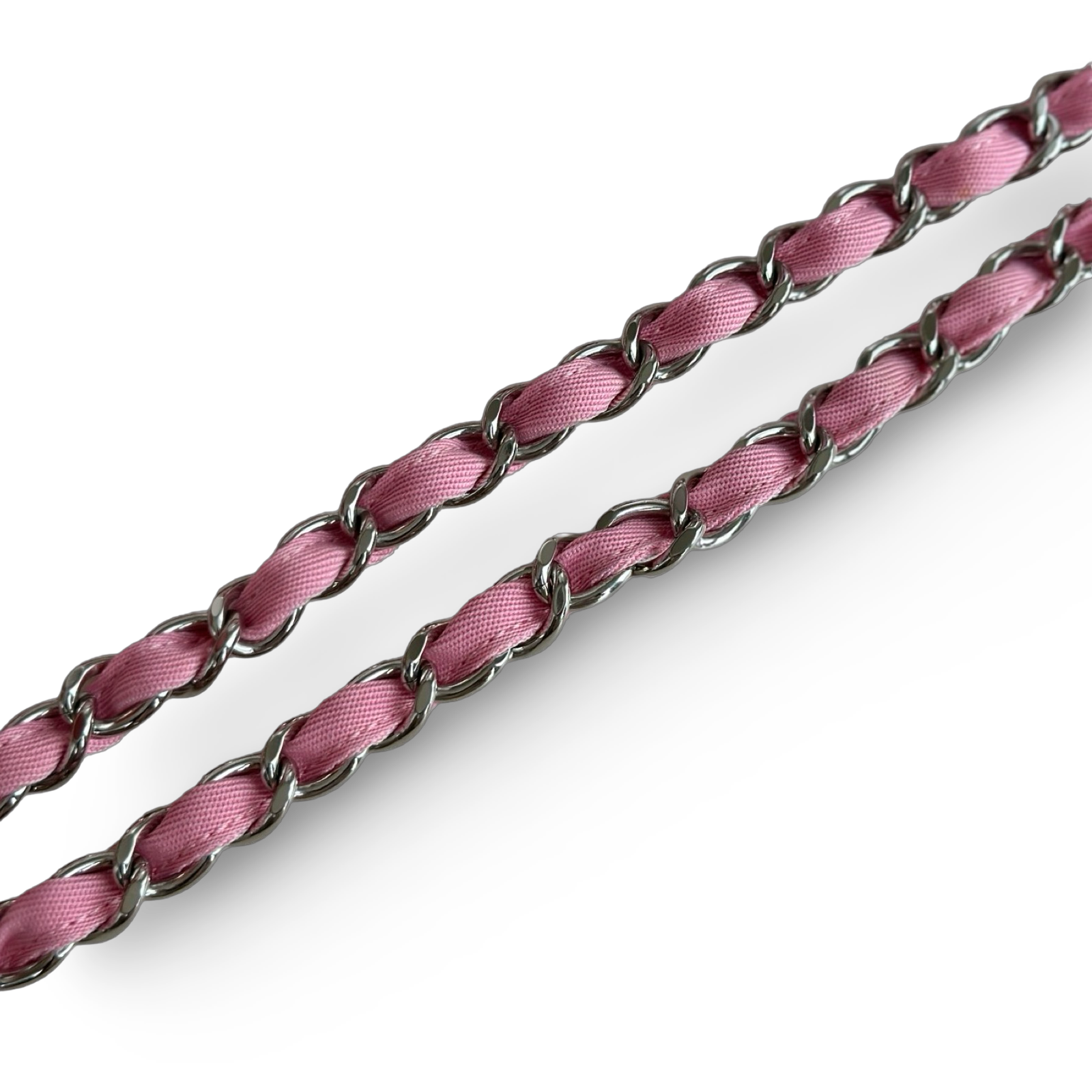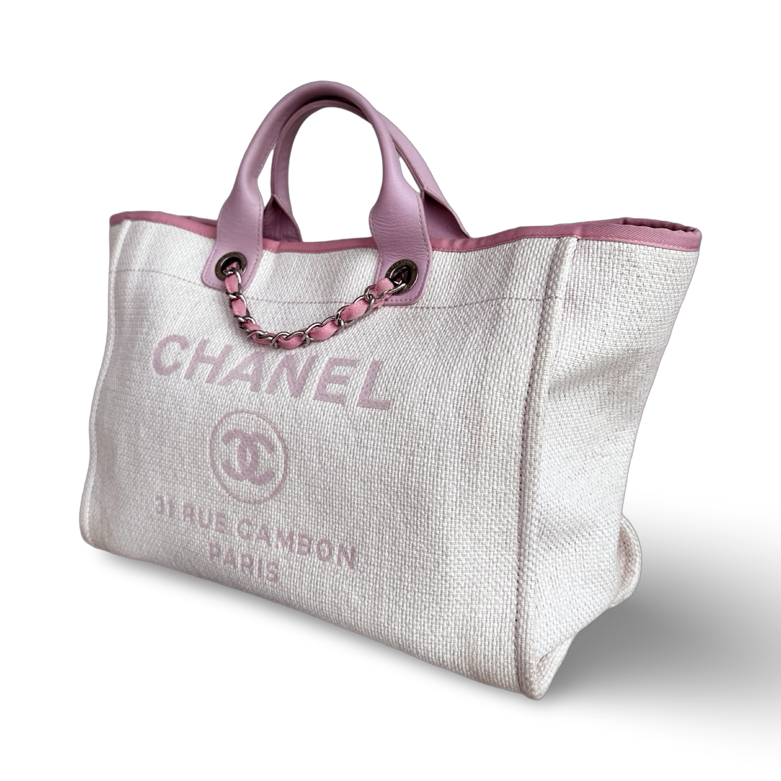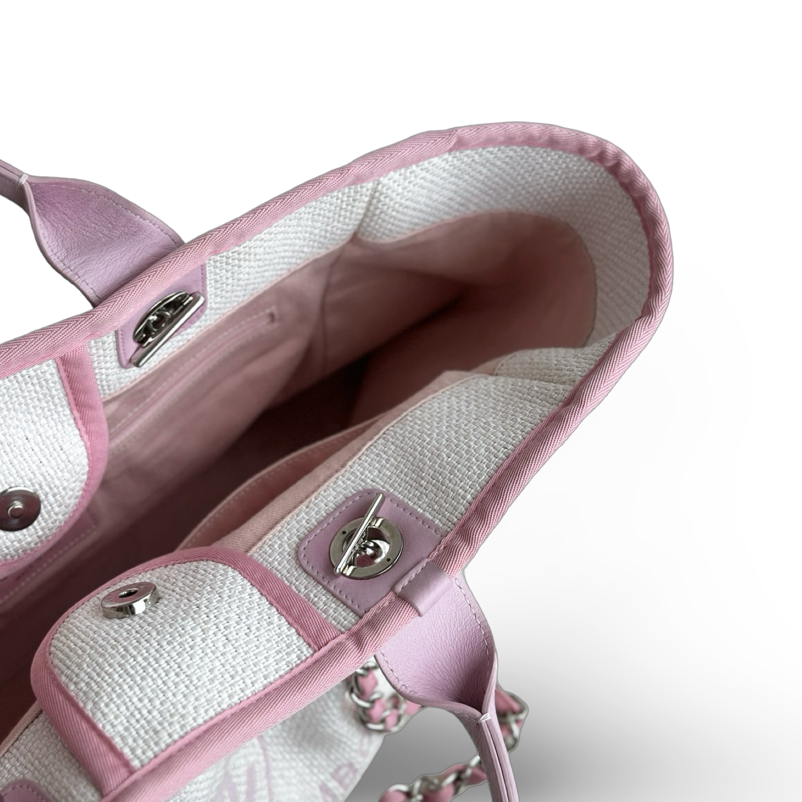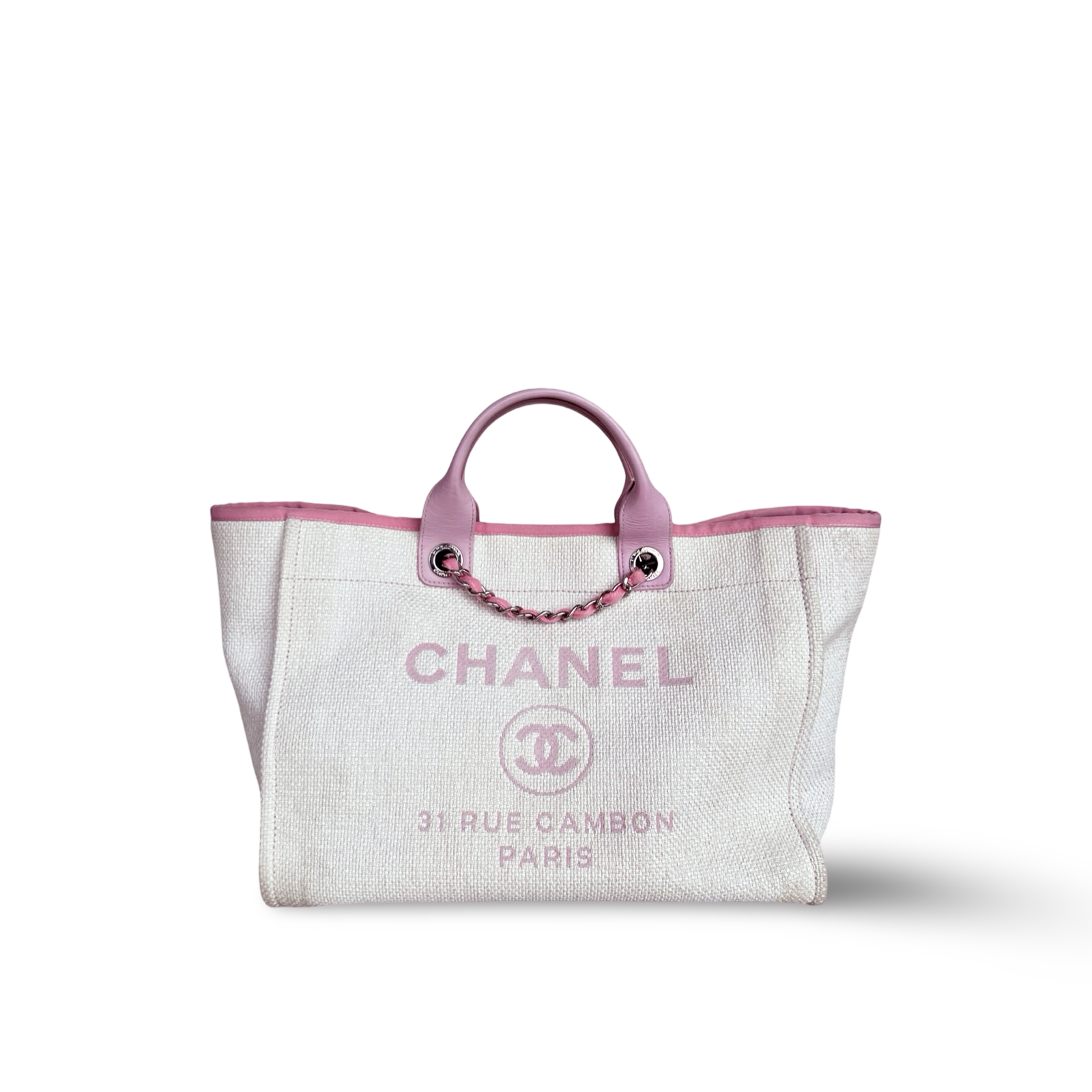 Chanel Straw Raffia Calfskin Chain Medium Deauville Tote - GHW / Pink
...
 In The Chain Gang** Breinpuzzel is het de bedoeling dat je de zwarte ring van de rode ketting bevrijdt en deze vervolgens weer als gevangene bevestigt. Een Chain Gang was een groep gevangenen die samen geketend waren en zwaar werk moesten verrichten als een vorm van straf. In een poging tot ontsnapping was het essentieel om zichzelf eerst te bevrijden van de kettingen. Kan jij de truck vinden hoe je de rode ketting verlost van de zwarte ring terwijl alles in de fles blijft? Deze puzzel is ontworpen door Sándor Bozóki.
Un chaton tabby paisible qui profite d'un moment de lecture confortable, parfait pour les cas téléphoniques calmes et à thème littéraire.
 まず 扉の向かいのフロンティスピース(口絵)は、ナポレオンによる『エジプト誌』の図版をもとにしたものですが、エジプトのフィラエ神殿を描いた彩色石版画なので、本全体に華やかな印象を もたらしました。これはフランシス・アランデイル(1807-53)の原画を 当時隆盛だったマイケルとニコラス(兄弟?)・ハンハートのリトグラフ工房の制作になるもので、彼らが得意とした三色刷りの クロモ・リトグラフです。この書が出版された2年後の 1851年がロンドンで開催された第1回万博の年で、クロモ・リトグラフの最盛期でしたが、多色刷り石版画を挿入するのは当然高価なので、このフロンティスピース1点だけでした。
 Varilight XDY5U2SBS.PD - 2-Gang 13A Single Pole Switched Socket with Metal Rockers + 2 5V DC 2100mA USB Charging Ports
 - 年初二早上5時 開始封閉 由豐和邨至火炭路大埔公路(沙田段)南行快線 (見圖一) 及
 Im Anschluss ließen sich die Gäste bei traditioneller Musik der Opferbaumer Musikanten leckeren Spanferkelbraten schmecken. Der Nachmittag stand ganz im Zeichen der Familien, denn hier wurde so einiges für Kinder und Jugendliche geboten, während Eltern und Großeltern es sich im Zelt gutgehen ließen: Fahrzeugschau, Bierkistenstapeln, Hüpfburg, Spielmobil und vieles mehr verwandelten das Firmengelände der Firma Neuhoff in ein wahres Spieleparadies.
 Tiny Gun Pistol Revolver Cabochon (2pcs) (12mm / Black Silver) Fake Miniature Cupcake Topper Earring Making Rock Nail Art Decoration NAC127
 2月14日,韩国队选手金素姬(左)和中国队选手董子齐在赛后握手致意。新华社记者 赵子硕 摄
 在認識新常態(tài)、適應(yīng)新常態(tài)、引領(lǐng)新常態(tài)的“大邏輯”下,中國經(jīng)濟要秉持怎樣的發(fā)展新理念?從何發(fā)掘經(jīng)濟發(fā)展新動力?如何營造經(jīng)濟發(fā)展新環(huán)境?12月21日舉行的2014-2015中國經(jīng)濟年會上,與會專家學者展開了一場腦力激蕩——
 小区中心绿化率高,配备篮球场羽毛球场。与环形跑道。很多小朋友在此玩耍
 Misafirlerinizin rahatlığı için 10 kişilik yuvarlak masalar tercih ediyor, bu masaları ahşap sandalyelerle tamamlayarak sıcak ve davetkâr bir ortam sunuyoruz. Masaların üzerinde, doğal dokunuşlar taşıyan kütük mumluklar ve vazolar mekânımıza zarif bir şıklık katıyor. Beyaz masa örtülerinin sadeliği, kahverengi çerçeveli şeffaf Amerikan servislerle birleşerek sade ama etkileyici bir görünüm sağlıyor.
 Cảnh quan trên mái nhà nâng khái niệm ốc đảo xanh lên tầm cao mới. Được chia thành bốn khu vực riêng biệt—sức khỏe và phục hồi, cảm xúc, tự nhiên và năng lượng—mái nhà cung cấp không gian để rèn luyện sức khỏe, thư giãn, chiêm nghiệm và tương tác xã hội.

■ Work instructions
From the entries above, restate word for word the lines from the line containing "Tiny Gun Pistol" to the line containing "Cảnh quan trên", both ends included, and nothing more.

■ Solution below
 Tiny Gun Pistol Revolver Cabochon (2pcs) (12mm / Black Silver) Fake Miniature Cupcake Topper Earring Making Rock Nail Art Decoration NAC127
 2月14日,韩国队选手金素姬(左)和中国队选手董子齐在赛后握手致意。新华社记者 赵子硕 摄
 在認識新常態(tài)、適應(yīng)新常態(tài)、引領(lǐng)新常態(tài)的“大邏輯”下,中國經(jīng)濟要秉持怎樣的發(fā)展新理念?從何發(fā)掘經(jīng)濟發(fā)展新動力?如何營造經(jīng)濟發(fā)展新環(huán)境?12月21日舉行的2014-2015中國經(jīng)濟年會上,與會專家學者展開了一場腦力激蕩——
 小区中心绿化率高,配备篮球场羽毛球场。与环形跑道。很多小朋友在此玩耍
 Misafirlerinizin rahatlığı için 10 kişilik yuvarlak masalar tercih ediyor, bu masaları ahşap sandalyelerle tamamlayarak sıcak ve davetkâr bir ortam sunuyoruz. Masaların üzerinde, doğal dokunuşlar taşıyan kütük mumluklar ve vazolar mekânımıza zarif bir şıklık katıyor. Beyaz masa örtülerinin sadeliği, kahverengi çerçeveli şeffaf Amerikan servislerle birleşerek sade ama etkileyici bir görünüm sağlıyor.
 Cảnh quan trên mái nhà nâng khái niệm ốc đảo xanh lên tầm cao mới. Được chia thành bốn khu vực riêng biệt—sức khỏe và phục hồi, cảm xúc, tự nhiên và năng lượng—mái nhà cung cấp không gian để rèn luyện sức khỏe, thư giãn, chiêm nghiệm và tương tác xã hội.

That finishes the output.